Extracted records
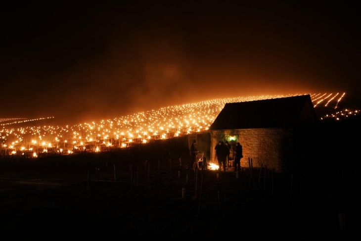 Viticultores franceses encendían velas para descongelar sus viñedos y salvarlos de una helada tardía tras una época cálida, un cambio de temperaturas que amenazaba las cosechas en varios países.
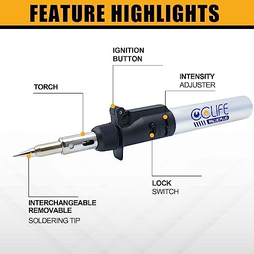CCLIFE lötkolben set gaslötkolben 13er butan lötkolben mit flussmittel Lötdraht Löt-Set zum Löten, Heißschneiden, Schweißen, Brandmalerei, Holz Gravieren, Schmuckherstellung (Upgrade)
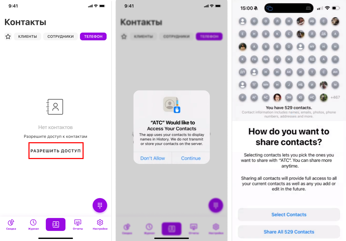 Чтобы добавить контакты со смартфона, на вкладке «Телефон» нажмите на кнопку «Разрешить доступ» . Дальнейшие шаги зависят от типа операционной системы:
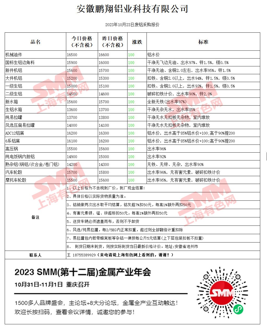 10月23日安徽鹏翔 废铝采购报价
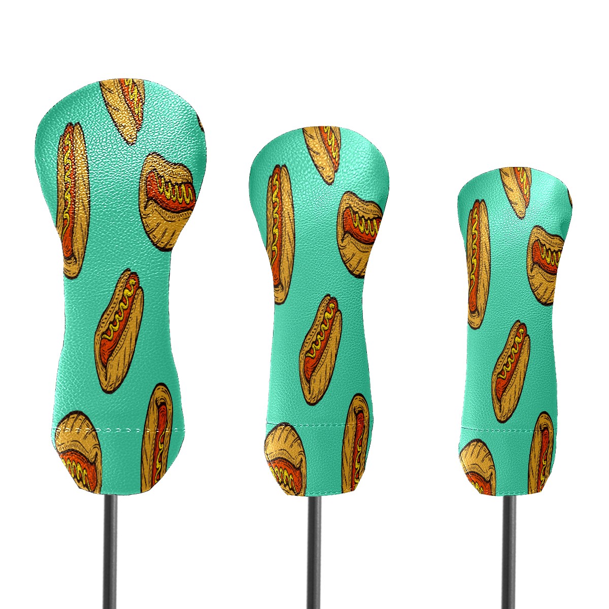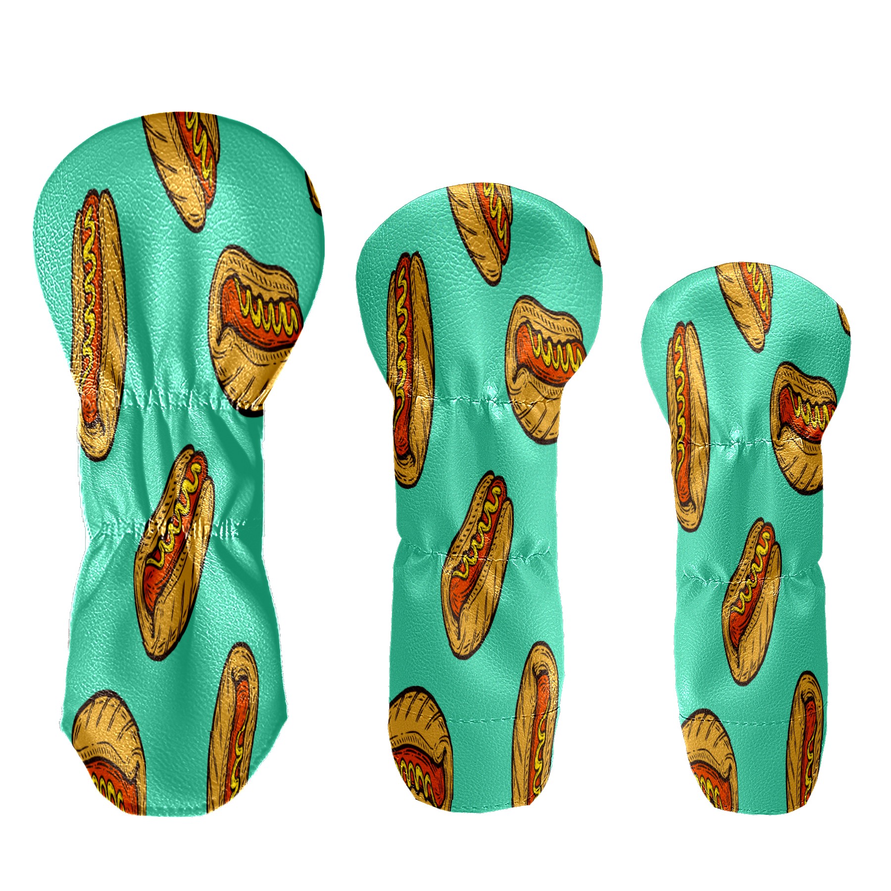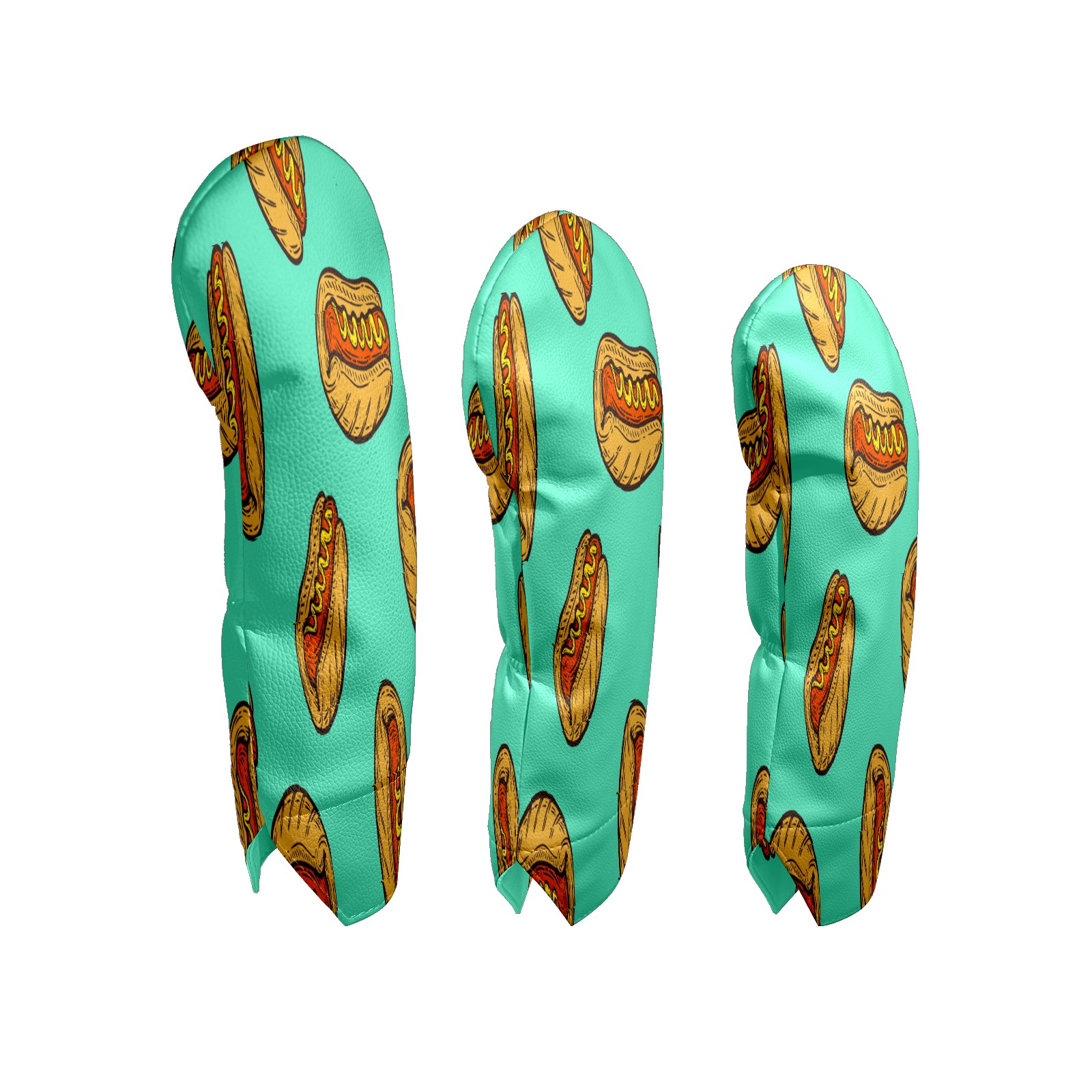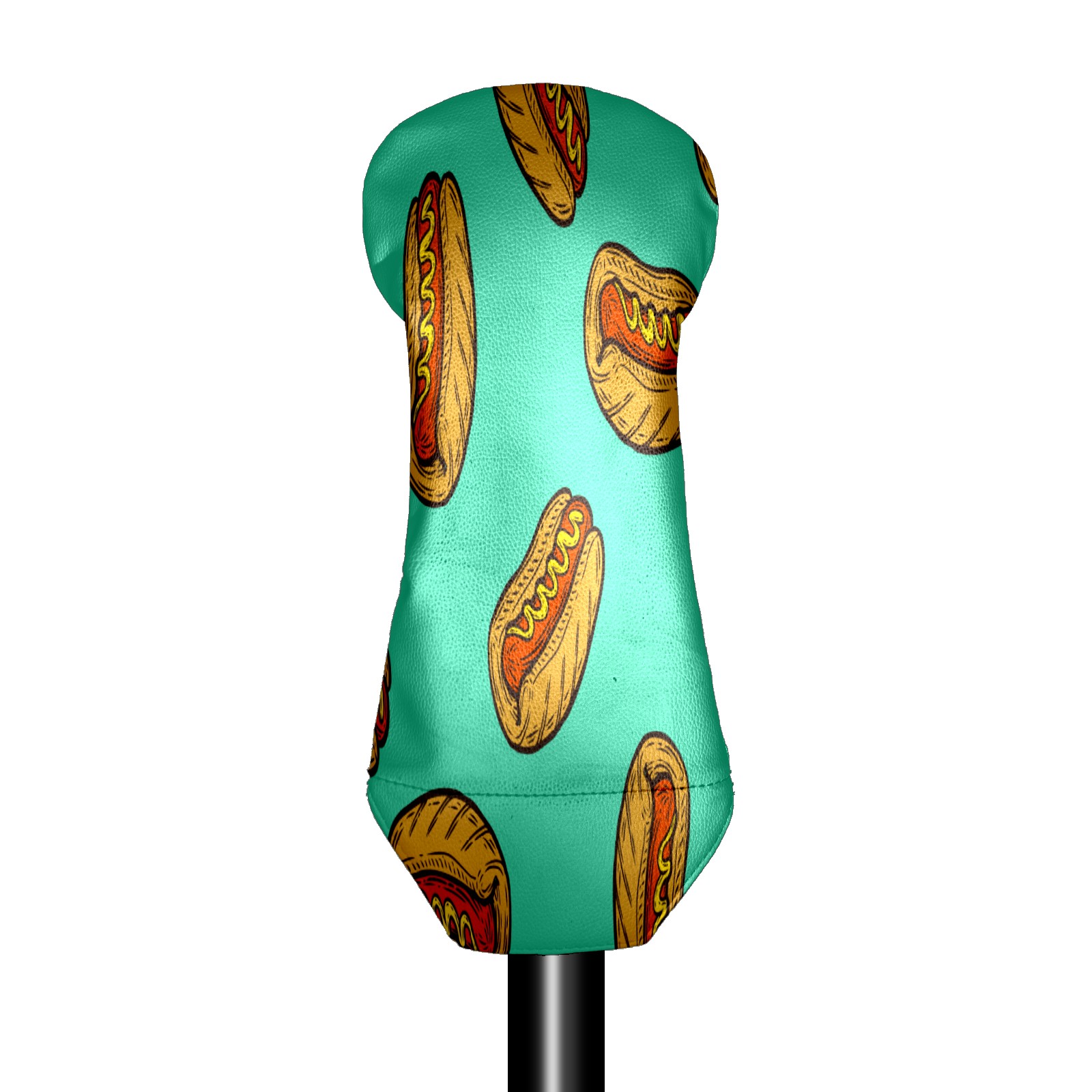PU Leather Golf Putter Head Covers for Driver, Fairway Wood & Hybrid Clubs, Unisex, Fits All Brands Fast Food Hot Dog Pattern Green

What needs to be done
Line by line and exactly, write out the material above. Skip the pictures.

Task result
 Viticultores franceses encendían velas para descongelar sus viñedos y salvarlos de una helada tardía tras una época cálida, un cambio de temperaturas que amenazaba las cosechas en varios países.
CCLIFE lötkolben set gaslötkolben 13er butan lötkolben mit flussmittel Lötdraht Löt-Set zum Löten, Heißschneiden, Schweißen, Brandmalerei, Holz Gravieren, Schmuckherstellung (Upgrade)
 Чтобы добавить контакты со смартфона, на вкладке «Телефон» нажмите на кнопку «Разрешить доступ» . Дальнейшие шаги зависят от типа операционной системы:
 10月23日安徽鹏翔 废铝采购报价
PU Leather Golf Putter Head Covers for Driver, Fairway Wood & Hybrid Clubs, Unisex, Fits All Brands Fast Food Hot Dog Pattern Green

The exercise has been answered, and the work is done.